WHAT YOU ARE ASKED TO DO:
From the line that contains "图2:两次危机前美国收入两极分化达到历史高点(最富1%收入占总收入比例)" down to the last line of the data below, restate every line word for word, skipping any images.

(Records from a data source)
· · · ·

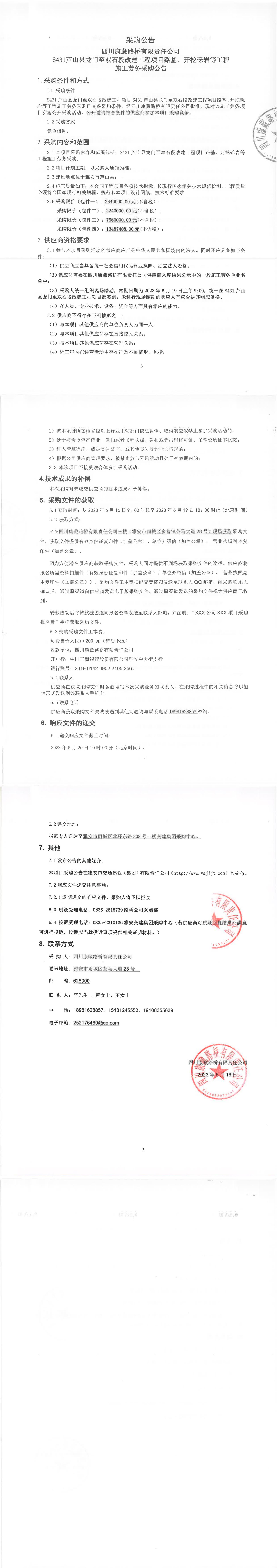 四川康藏路橋有限責(zé)任公司S431蘆山縣龍門至雙石段改建工程項(xiàng)目路基、開(kāi)挖礫巖等工程施工勞務(wù)采購(gòu)公告
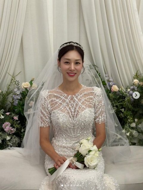 공개된 사진에는 웨딩드레스를 입고 포즈를 취하고 있는 장신영의 모습이 담겨 있었다. 장신영은 화려한 비즈 장식의 웨딩드레스를 입고 다소곳하게 앉아 미소를 짓고 있었다. 화려한 장식이 장신영의 미모를 더욱 돋보이게 만들었다.
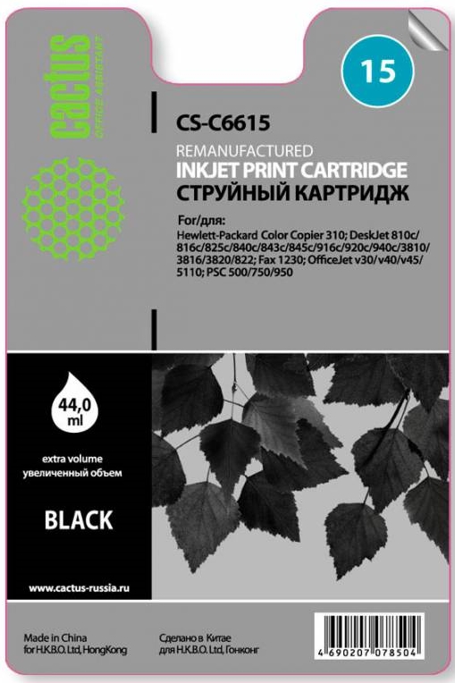 Картридж Cactus C6615N №15 (CS-C6615) для HP DeskJet 810c/816c/825c/840c/843c/845c, черный
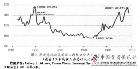 图2:两次危机前美国收入两极分化达到历史高点(最富1%收入占总收入比例)
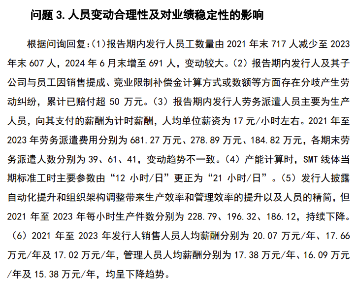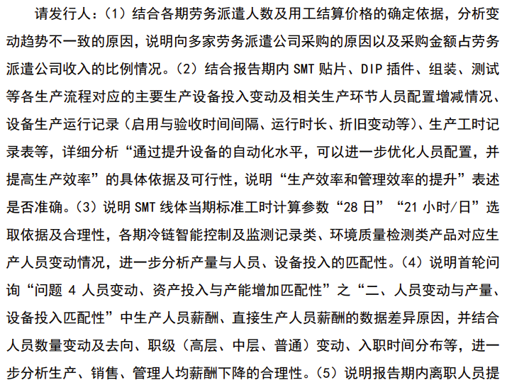 第一轮问询“问题4人员变动、资产投入与产能增加匹配性”

· · · ·

OUTPUT:
 图2:两次危机前美国收入两极分化达到历史高点(最富1%收入占总收入比例)
 第一轮问询“问题4人员变动、资产投入与产能增加匹配性”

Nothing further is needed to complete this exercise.